The GII 2013 also concentrates on the local dynamics of innovation and particularly around the creation of hubs.
These hubs serve as innovation growth points and focus on the local interaction between innovation catalysts and also share some insight into regional growth patterns.
Innovation hubs have been demonstrated successfully in Silicon Valley, in Europe, in South Korea and China to provide the perfect convening point and a catalyst for innovative activities, and form one part of the ecosystem.
These hubs serve as the focal point for innovative activities and idea generation, development and commercialisation.
These robust ecosystems also provide a support network for emerging technology based companies that flourish, generate more investment into new products and research in groundbreaking emerging technology areas, attract more people into the ecosystem and stimulate entrepreneurship.
This has also been successfully demonstrated in other emerging economies such as those in East Asia, Latin America and Eastern Europe.
The presence of highly successful large enterprises within the hub regarded as hub champions also serve as support players for other emerging companies.
The facilitation of knowledge sharing, building of core capacities and attraction of new investment further stimulates growth of the existing enterprises and the provision of services provided by the hub management further support commercialisation and increased investment into the ecosystem.

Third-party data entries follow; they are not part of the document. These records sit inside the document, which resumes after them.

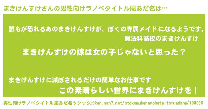 | 女子向けラノベタイトル風あだ名 | 『まきけんすけ様がみてる』 |
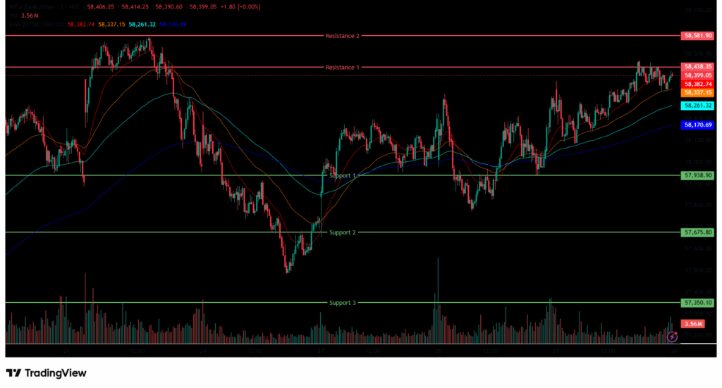 The Bank Nifty Index started the session on a positive note at 58,316.25 on Wednesday, up by 102.15 points from Tuesday’s closing of 58,214.10. The index started on a Bullish note, but dragged down to the 58,087 level, marking its day low and was trading in the range of 58,050-58,400. In addition, the index was trading above all four EMAs of 20/50/100/200 in the 15-minute time frame in the morning session.
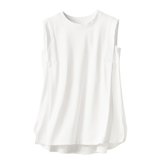 前振りのタックと後ろフレア、わきが見えにくい設計で360°きれい見え。接触冷感の綿100%カットソーで、着心地もサラッと涼やか。
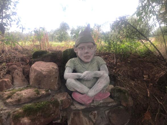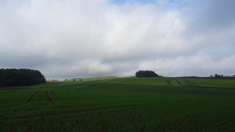 Wir verlassen die Ortschaft und uns erwartet eine Landschaft mit satten grünen Wiesen, Apfelbäumen und Feldern. An der Kreuzung, an der es in den Wald hineingeht, biegen wir nach rechts ab und laufen am Waldrand entlang.
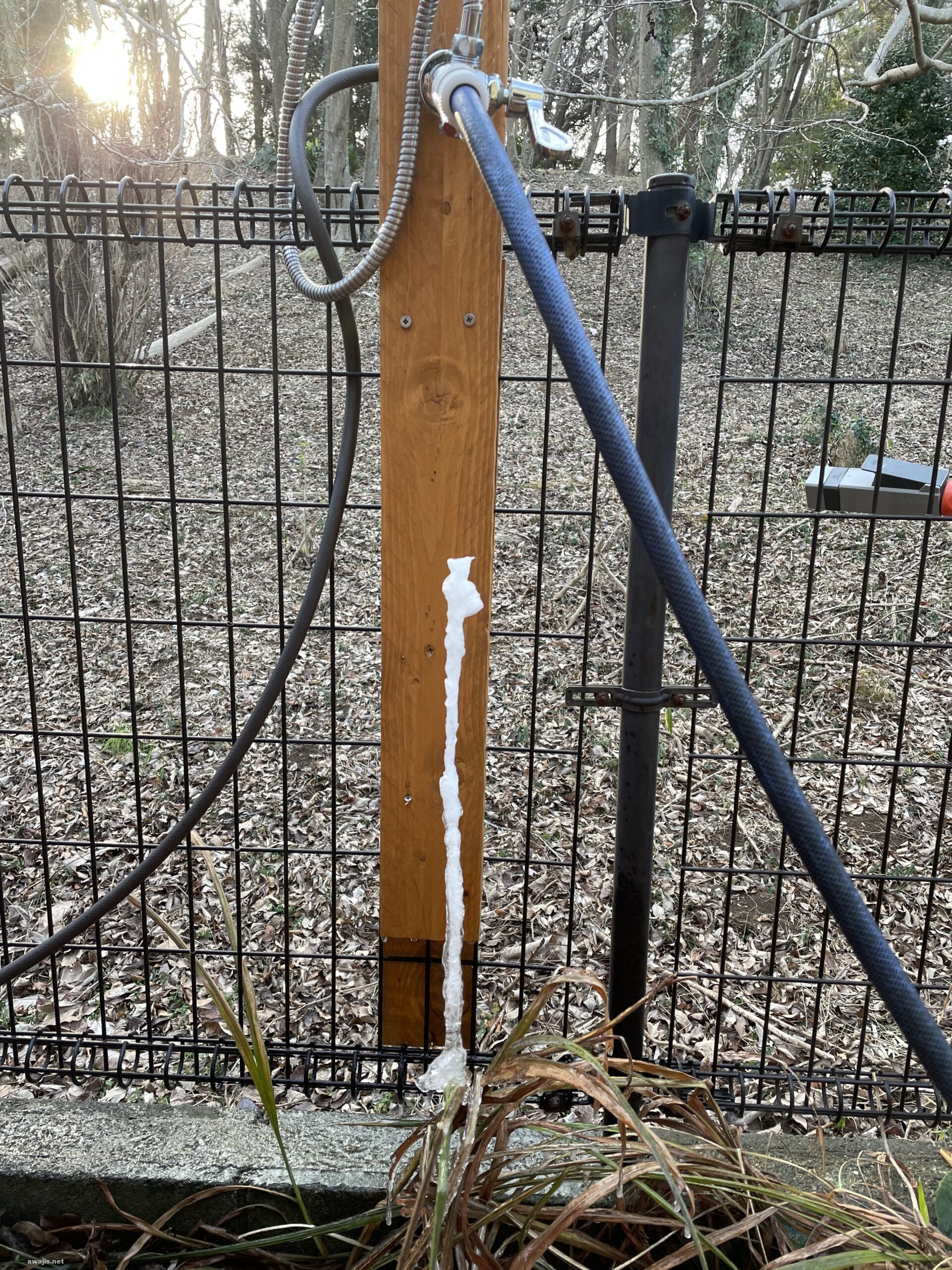 サウナに入り終えたら元の水栓を閉めれば問題ないので、後日修理することにして放置していたところ、息子がサウナを使い終えて、元栓を閉め忘れ、滴った水滴が凍って氷柱になったもの。
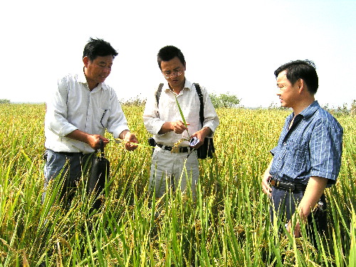 省農(nóng)科院科技人員在潘村湖農(nóng)場指導(dǎo)旱稻生產(chǎn)
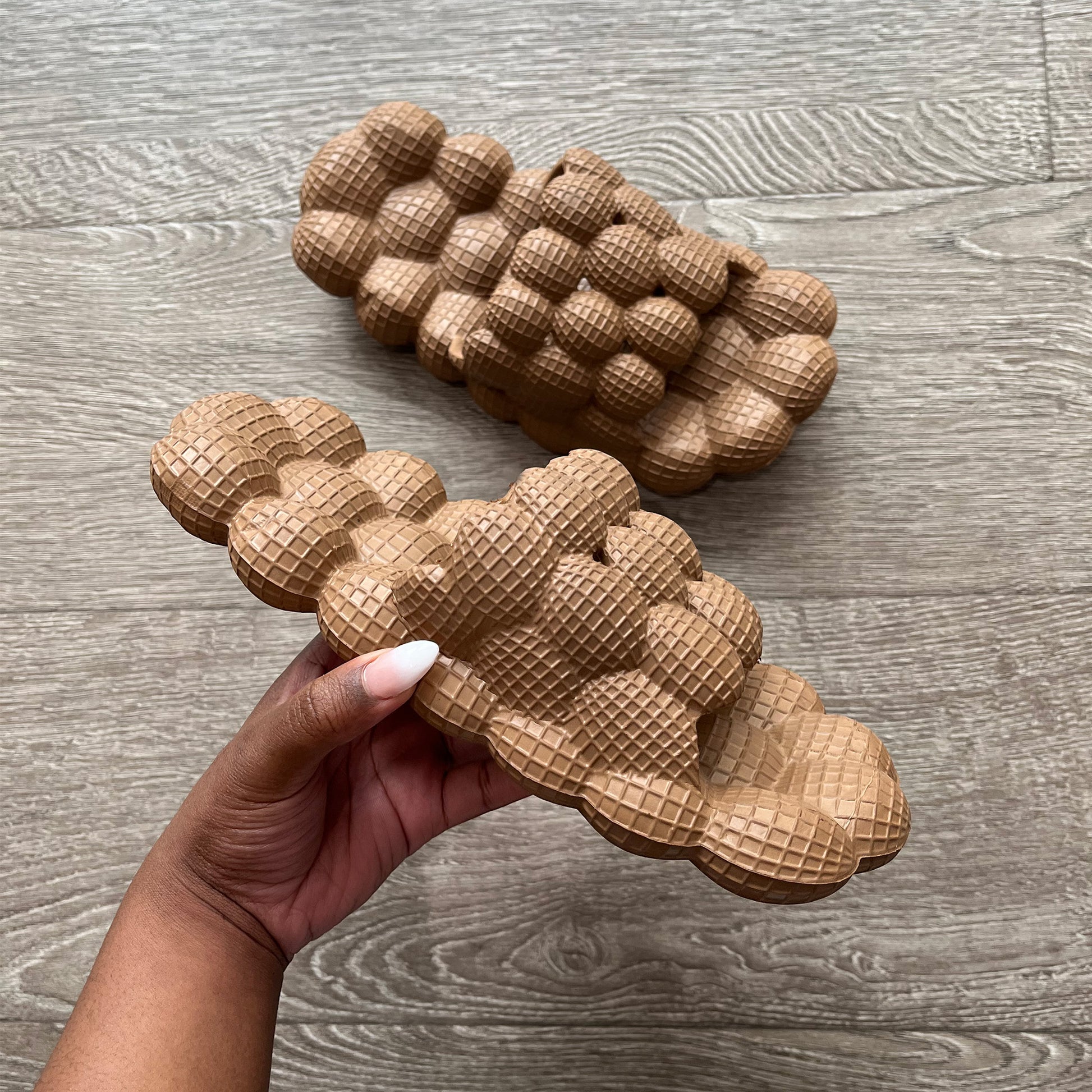 Seamlessly blend comfort and fashion with LAVRA Women's Open Toe Bubble Slides! These pillow slide sandals are made from a soft rubber material to keep your feet feeling cool and comfortable as you travel through the day! They feature an ultra-cushioned footbed that's gentle on the feet and circulates blood flow. Pair them with a wide range of outfits from sundresses to shorts and a comfy t-shirt for a stylish warm-weather vibe!

Apart from creating microenvironments where innovation catalysts can be supported, there also needs to be a focus on the regional dynamics whether at local government, national, sub-regional or even within regional (intercountry) economic groupings.

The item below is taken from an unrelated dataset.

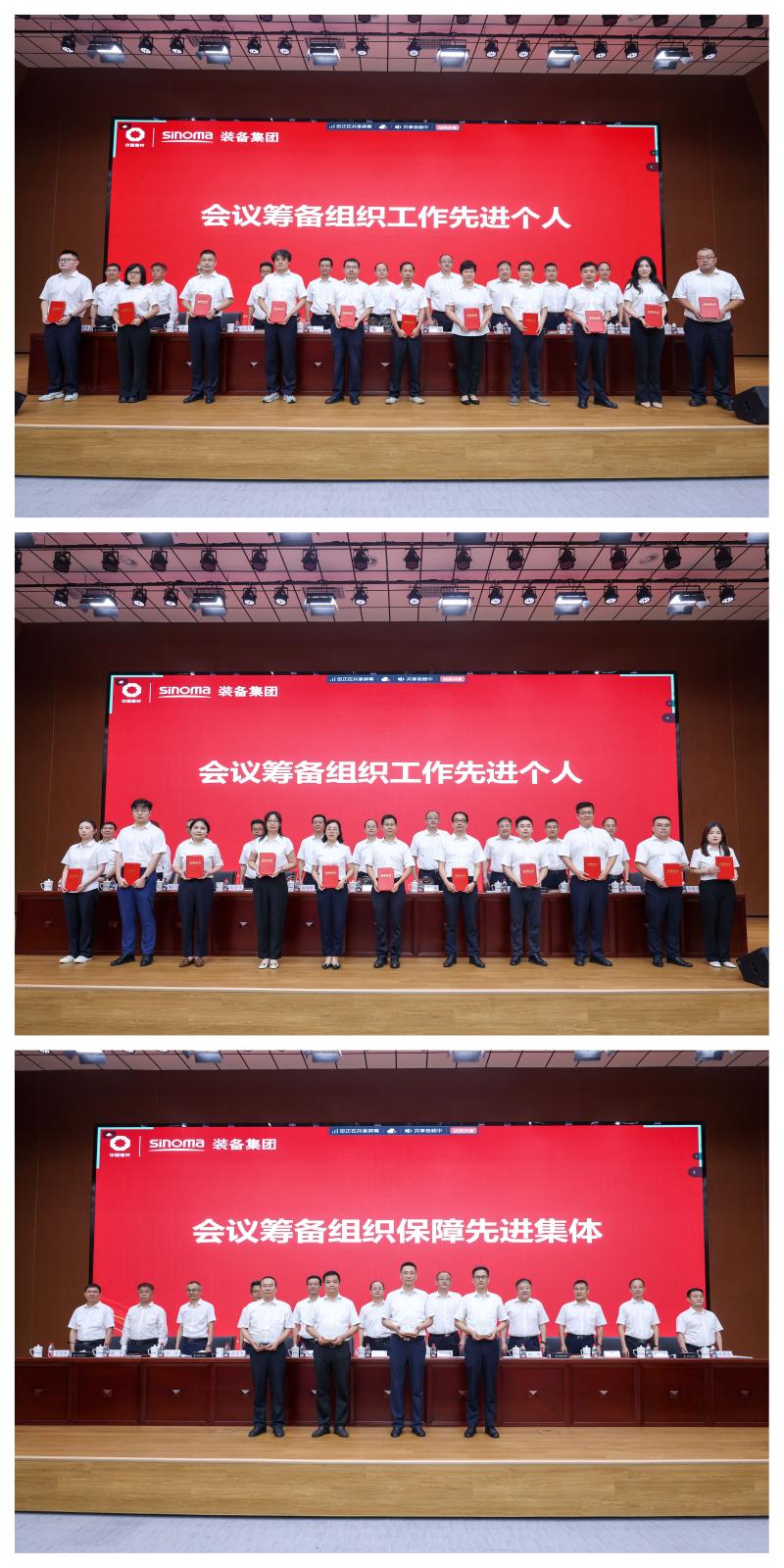 裝備集團黨委副書記殷召飛宣讀《關(guān)于表彰中材國際第三屆水泥綠色智能發(fā)展大會會議籌備組織工作先進個人及會議籌備組織保障先進集體的決定》,公司領(lǐng)導(dǎo)班子為獲獎代表頒獎。

Robust policies, open transactional processes and more efficient procurement practices within local and national government also play a pivotal role in securing support for emerging companies within the innovation hubs and their associated innovation ecosystems.
Associated with the physical and human capital investment, the refinement of policies related to innovation, for example, intellectual property protection; support and investment into knowledge and technology transfer activities; incentives for small and medium enterprise investment; robust and inclusive innovation policies; and the capacity and skills in government to support and enable the growth of technology based businesses is also critical for innovation ecosystems to thrive.

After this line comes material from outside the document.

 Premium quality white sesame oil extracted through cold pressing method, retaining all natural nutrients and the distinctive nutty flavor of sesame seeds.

Support programmes and incentivised programmes to engage local communities to be involved in the creation and adoption of locally produced innovation is also critical, as well as building a robust and effective communications infrastructure to facilitate knowledge sharing and uptake and active programmes.
The Southern Africa Innovation Support (Sais) Programme is a pilot programme that supports knowledge sharing, capacity building and regional practical innovation projects with the aim of enhancing national systems of innovation and building a model for regional innovation support.
Currently piloted in Botswana, Mozambique, Namibia and Zambia, with South Africa as a knowledge sharing partner, the Sais programme funded by a multilateral funding agreement with the government of Finland, aims to make innovation practical and relevant and supports the creation of tangible offerings by a broader community of multi-helix players.
Even more challenging and of relevance today is the move towards inclusive innovation, innovation focused on enhancing and improvement of socioeconomic wellbeing, and generally referred to as the democratisation of innovation.
Thus innovation is transitioning to become the right and provision of innovative solutions of the larger population rather than the exclusive use and privilege of the few.
Thiru Swettenham is the programme co-ordinator for the Southern Africa Innovation Support (SAIS) Programme.